The vᵣₘₛ for an atom or molecule is given by

vᵣₘₛ = √(3RT/M)

where R = molar gas constant = J/mol.K

T = absolute temperature in Kelvin

M = Molar mass of the molecules.

₁₂

Let the vᵣₘₛ of 235-UF6 be vᵣₘₛ₁

And its molar mass = M₁ = 349.0 g/mol

vᵣₘₛ₁ = √(3RT/M₁)

√(3RT) = vᵣₘₛ₁ × √M₁

For the 238-UF6

Let its vᵣₘₛ be vᵣₘₛ₂

And its molar mass = M₂ = 352.0 g/mol

√(3RT) = vᵣₘₛ₂ × √M₂

Since √(3RT) = √(3RT)

vᵣₘₛ₁ × √M₁ = vᵣₘₛ₂ × √M₂

(vᵣₘₛ₁/vᵣₘₛ₂) = (√M₂/√M₁) = [√(352)/√(349)]

(vᵣₘₛ₁/vᵣₘₛ₂) = 1.00429

b) Recall

vᵣₘₛ₁ = √(3RT/M₁)

vᵣₘₛ₂ = √(3RT/M₂)

(vᵣₘₛ₁ – vᵣₘₛ₂) = 1 m/s

[√(3RT/M₁)] – [√(3RT/M₂)] = 1

R = 8.314 J/mol.K, M₁ = 349.0 g/mol = 0.349 kg/mol, M₂ = 352.0 g/mol = 0.352 kg/mol, T = ?

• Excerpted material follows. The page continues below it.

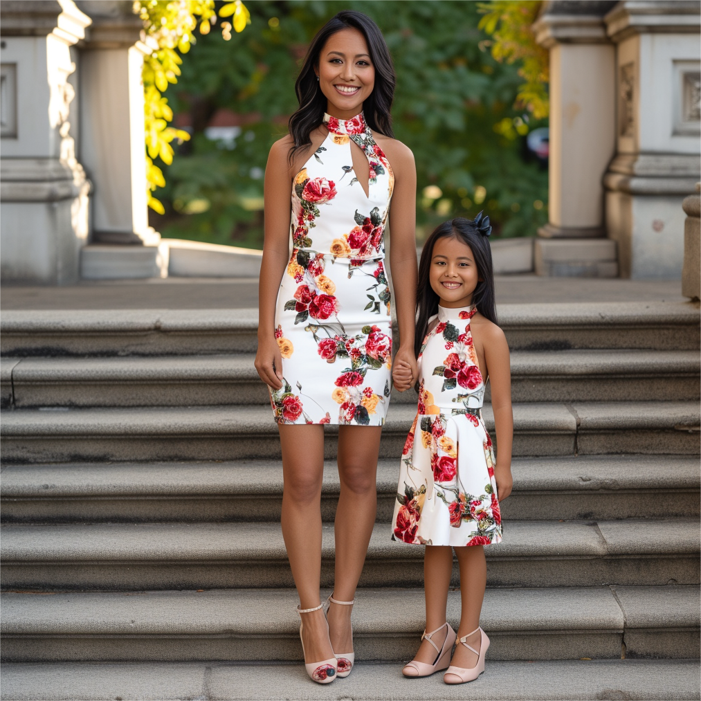 Mom and Daughter Matching Flower Print Halter Dress

√T [√(3 × 8.314/0.349) – √(3 × 8.314/0.352) = 1

√T (8.4538 – 8.4177) = 1

√T = 1/0.0361

√T = 27.7

T = 27.7²

T = 767.34 K

c) The answers point to a difficult seperation technique, as the two compounds of the different isotopes have very close rms speeds and to create a difference of only 1 m/s In their rms speeds would require a high temperature of up to 767.34 K.